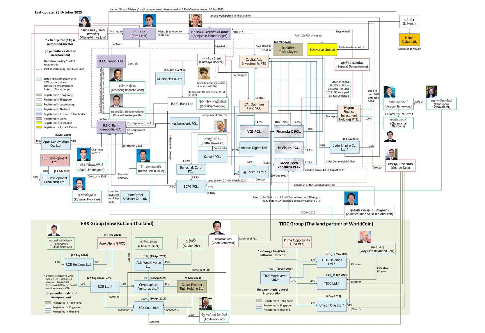 โดยบริษัทที่เข้าข่ายก็จะมี TIDC กับ ERX ซึ่ง ERX คือกระดานคริปโตเคอร์เรนซี (Cryptocurrency) (ภายหลังเปลี่ยนชื่อเป็น KuCoin Thailand) ได้รับใบอนุญาตจากสำนักงานคณะกรรมการกำกับหลักทรัพย์และตลาดหลักทรัพย์ (ก.ล.ต.) ส่วน TIDC ก็คือบริษัทเทคโนโลยีที่เมื่อ 2-3 ปีก่อนมีข่าวว่า เป็นพาร์ตเนอร์ของกระทรวงดิจิทัลจะทำเรื่องเกี่ยวกับ Digital Ecosystem บางอย่าง และช่วงที่ผ่านมาก็จะโด่งดังจากการเป็นพาร์ตเนอร์คนไทยของ WorldCoin ที่สแกนม่านตา
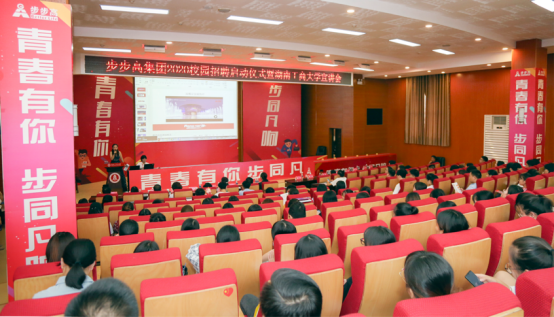 步步高集團副總裁兼智慧零售事業部COO徐莎莉與近300名應屆畢業生相約湖南工商大學圖書館報告廳,共同暢想美好新世界。湖南工商大學黨委委員、副校長曾伏秋、湖南工商大學招生就業處副處長易玉梅、步步高集團人力資本高級總監龍蓉暉及步步高各事業部人資負責人出席了本次活動。
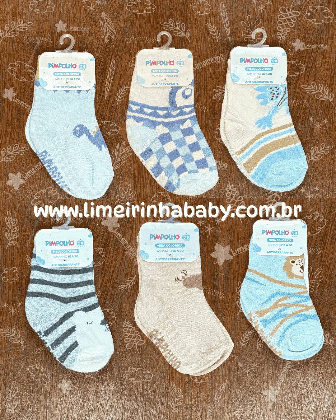 Meia antiderrapante cano alto Pimpolho 16-20 meninos đ§Š
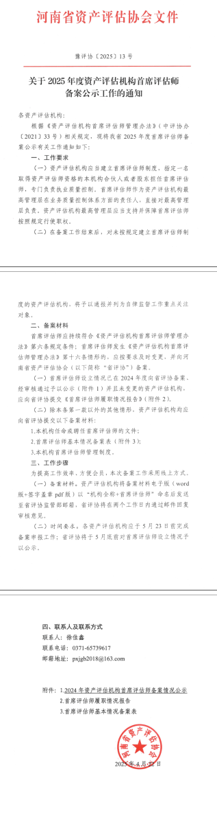 河南省资产评估协会关于2025年度资产评估机构首席评估师备案公示工作的通知
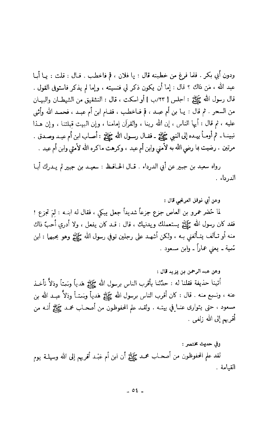 ودون أبي بكر. فلما فرغ من خطبته قال: يا فلان، قم فاخطب. قال: قلت: يا أبا عبد الله، من ذاك؟ قال: إما أن يكون ذكر لي فنسيته، وإما لم يذكر فاستوفى القول. قال رسول الله صَلَّى اللهُ عَلَيْهِ وَسَلَّمَ: اجلس أو اسكت، قال: التشقيق من الشيطان والبيان من السحر. ثم قال: يا بن أم عبد، قم فاخطب، فقام ابن أم عبد، فحمد الله وأثنى عليه، ثم قال: أيها الناس، إن الله ربنا، والقرآن إمامنا، وإن البيت قبلتنا، وإن هذا نبينا - ثم أومأ بيده إلى النبي صَلَّى اللهُ عَلَيْهِ وَسَلَّمَ - فقال رسول الله صَلَّى اللهُ عَلَيْهِ وَسَلَّمَ: أصاب ابن أم عبد وصدق. مرتين. رضيت بما رضي الله به لأمتي وابن أم عبد، وكرهت ما كره الله لأمتي وابن أم عبد.
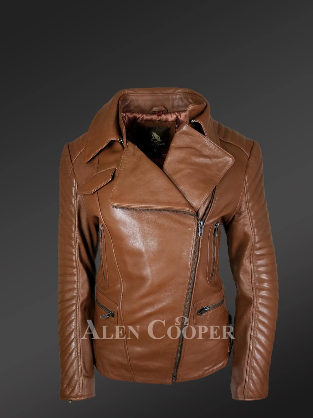 Women’s Assymetrical Motorcycle Biker Jacket in Tan with Zipout Collar
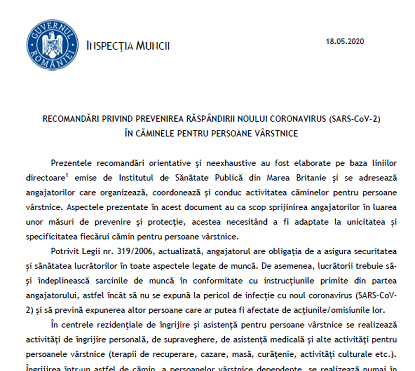 Prezentele recomandări orientative şi neexhaustive au fost elaborate pe baza liniilor directoare emise de Institutul de Sănătate Publică din Marea Britanie şi se adresează angajatorilor care organizează, coordonează şi conduc activitatea căminelor pentru persoane vârstnice. Aspectele prezentate în acest document au ca scop sprijinirea...Recomandări ITM (SARS-CoV-2) - pentru prevenirea răspândirii în căminele pentru persoane vârstnice
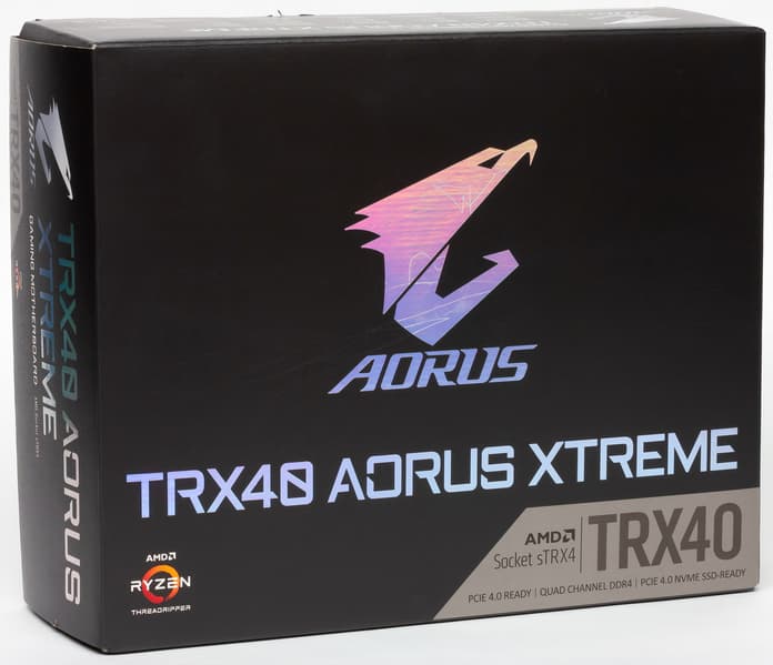 Gigabyte TRX40 Aorus Xtreme поставляется в большой и толстой коробке с красочным лого Aorus.
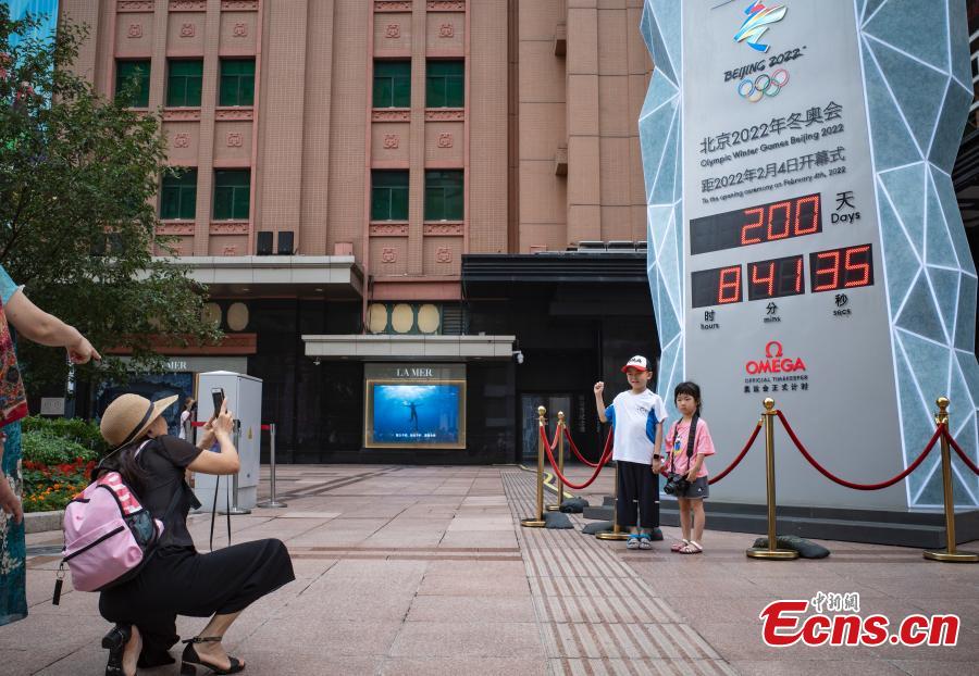 Children post for pictures before the countdown clock showing 200 days to go till the opening ceremony of the 2022 Olympic Winter Games at the Wangfujing street, in Beijing, China, July 19, 2021. (Photo: China News Service/ Hou Yu)
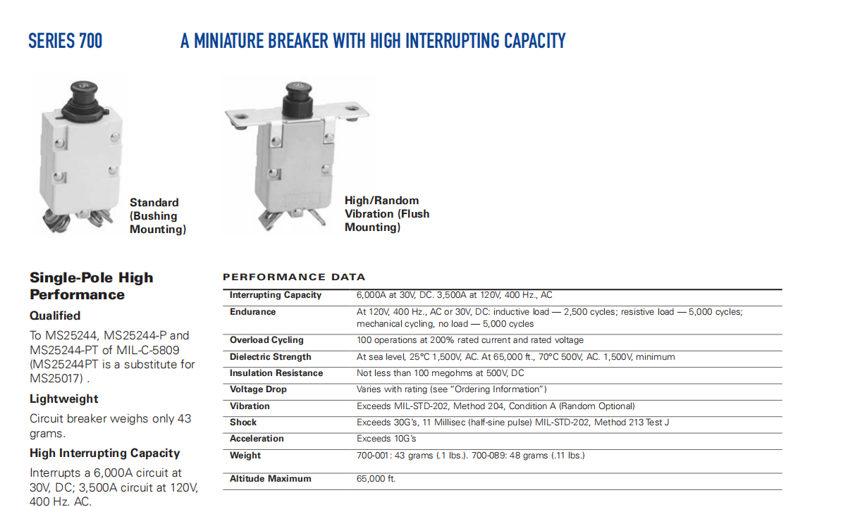 超過軍用規(guī)格耐久性要求,振動、機械沖擊、,和加速度。700是微型推挽斷路器提供快速跳閘和高中斷能力。免費旅行
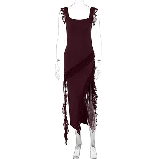 Chic Spaghetti Strap Maxi Dress with Thigh-High Slit
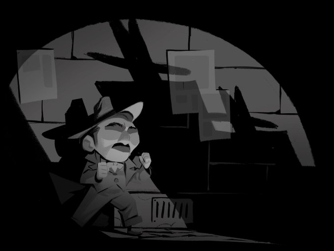 Really early on I made these pieces as a way to figure out the tone of the story and trying to synthesize the "noir" aesthetic in this more cartoony art style. They were fundamental in getting everyone in the same page.
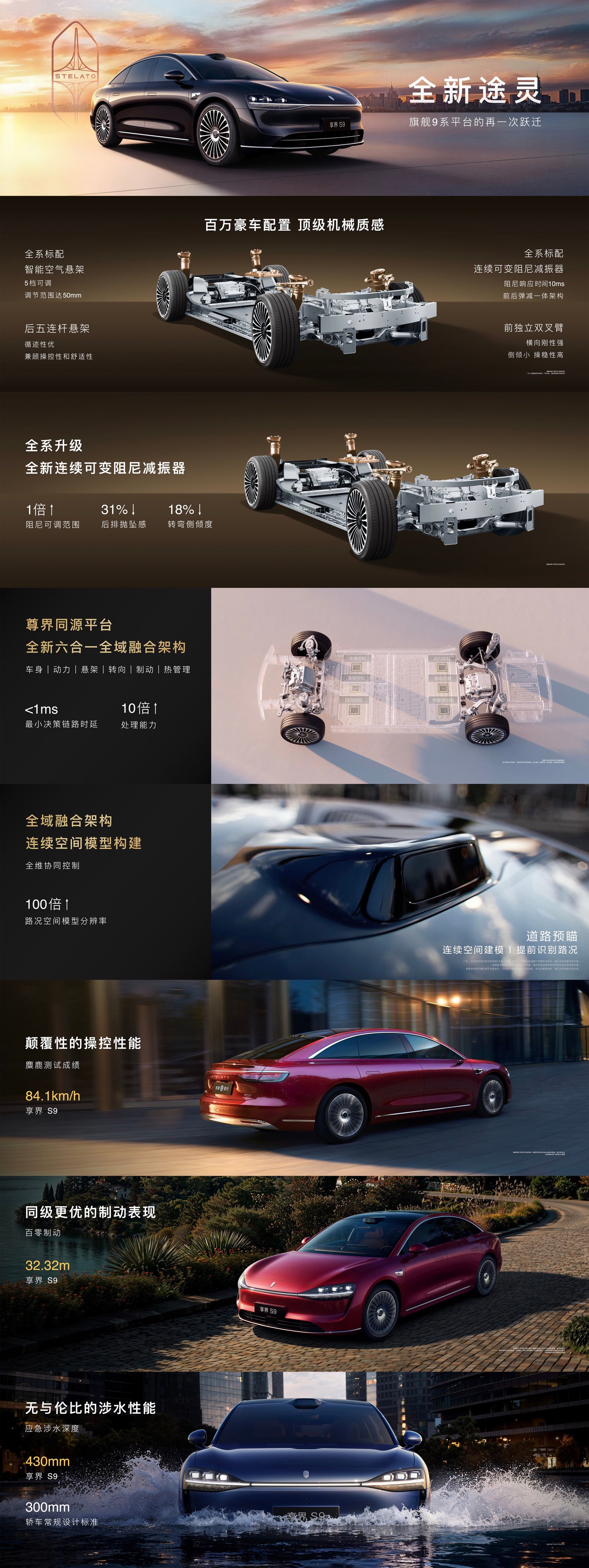 新款享界 S9 搭载全新华为途灵平台,全系标配智能空气悬架和全新一语气可变阻尼减振器,升级尊界同源全新宇宙一全域和会架构,补助一语气空间模子构建,收尾全维协同适度。该车还领有 430mm 的涉水性能,100km/h 到 0 制动距离 32.32m,麋鹿测试收获为 84.1km/h。
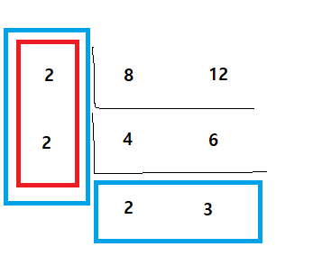 여기서 빨간색 박스 내 숫자들의 곱이 최대공약수이고
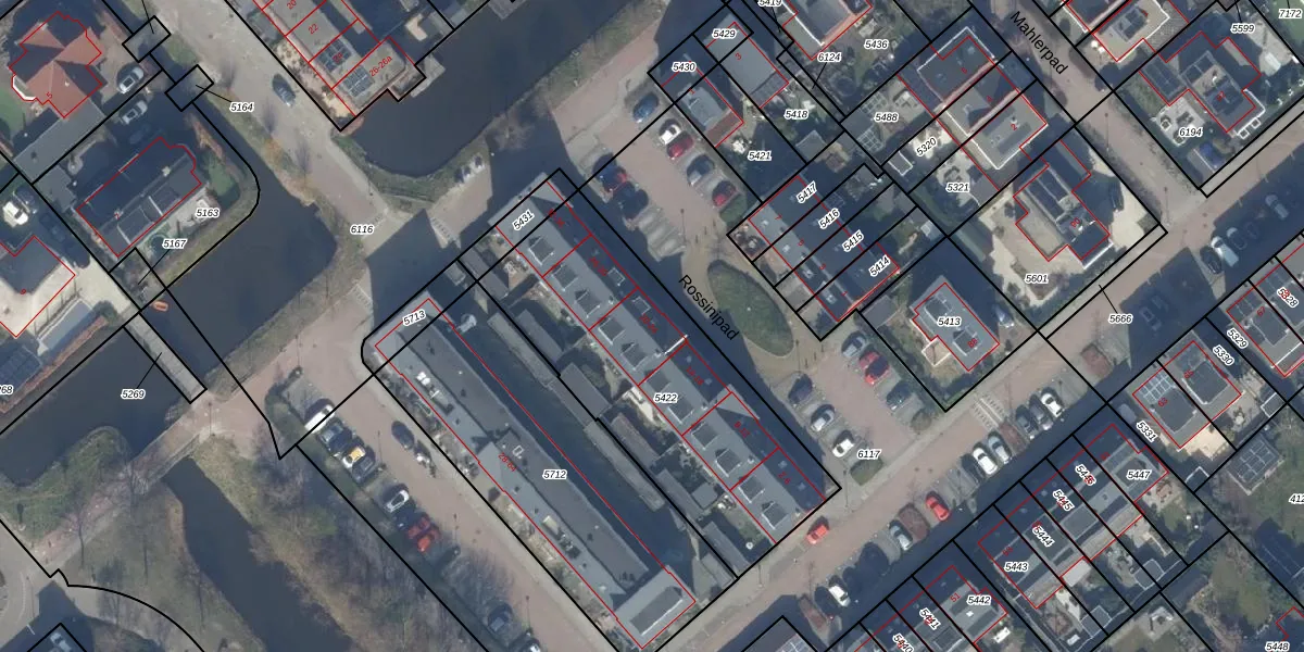 Het perceel waarop Rossinipad 20 staat heeft een oppervlakte van 1275 m². Dit is een zeer groot perceel. De perceeloppervlakte wordt geregistreerd door het Kadaster. Gedetailleerde informatie over de maten van dit perceel kunt u vinden in het rapport Kadastrale kaart met maatvoering van Rossinipad 20.
------
# INSTRUCTIONS FOR THE TASK
Please write out exactly, and only, the lines from the beginning of the entries through the line containing "Women’s Assymetrical Motorcycle", including both and skipping all pictures.

# SOLUTION TO THIS PROBLEM
 โดยบริษัทที่เข้าข่ายก็จะมี TIDC กับ ERX ซึ่ง ERX คือกระดานคริปโตเคอร์เรนซี (Cryptocurrency) (ภายหลังเปลี่ยนชื่อเป็น KuCoin Thailand) ได้รับใบอนุญาตจากสำนักงานคณะกรรมการกำกับหลักทรัพย์และตลาดหลักทรัพย์ (ก.ล.ต.) ส่วน TIDC ก็คือบริษัทเทคโนโลยีที่เมื่อ 2-3 ปีก่อนมีข่าวว่า เป็นพาร์ตเนอร์ของกระทรวงดิจิทัลจะทำเรื่องเกี่ยวกับ Digital Ecosystem บางอย่าง และช่วงที่ผ่านมาก็จะโด่งดังจากการเป็นพาร์ตเนอร์คนไทยของ WorldCoin ที่สแกนม่านตา
 步步高集團副總裁兼智慧零售事業部COO徐莎莉與近300名應屆畢業生相約湖南工商大學圖書館報告廳,共同暢想美好新世界。湖南工商大學黨委委員、副校長曾伏秋、湖南工商大學招生就業處副處長易玉梅、步步高集團人力資本高級總監龍蓉暉及步步高各事業部人資負責人出席了本次活動。
 Meia antiderrapante cano alto Pimpolho 16-20 meninos đ§Š
 河南省资产评估协会关于2025年度资产评估机构首席评估师备案公示工作的通知
 ودون أبي بكر. فلما فرغ من خطبته قال: يا فلان، قم فاخطب. قال: قلت: يا أبا عبد الله، من ذاك؟ قال: إما أن يكون ذكر لي فنسيته، وإما لم يذكر فاستوفى القول. قال رسول الله صَلَّى اللهُ عَلَيْهِ وَسَلَّمَ: اجلس أو اسكت، قال: التشقيق من الشيطان والبيان من السحر. ثم قال: يا بن أم عبد، قم فاخطب، فقام ابن أم عبد، فحمد الله وأثنى عليه، ثم قال: أيها الناس، إن الله ربنا، والقرآن إمامنا، وإن البيت قبلتنا، وإن هذا نبينا - ثم أومأ بيده إلى النبي صَلَّى اللهُ عَلَيْهِ وَسَلَّمَ - فقال رسول الله صَلَّى اللهُ عَلَيْهِ وَسَلَّمَ: أصاب ابن أم عبد وصدق. مرتين. رضيت بما رضي الله به لأمتي وابن أم عبد، وكرهت ما كره الله لأمتي وابن أم عبد.
 Women’s Assymetrical Motorcycle Biker Jacket in Tan with Zipout Collar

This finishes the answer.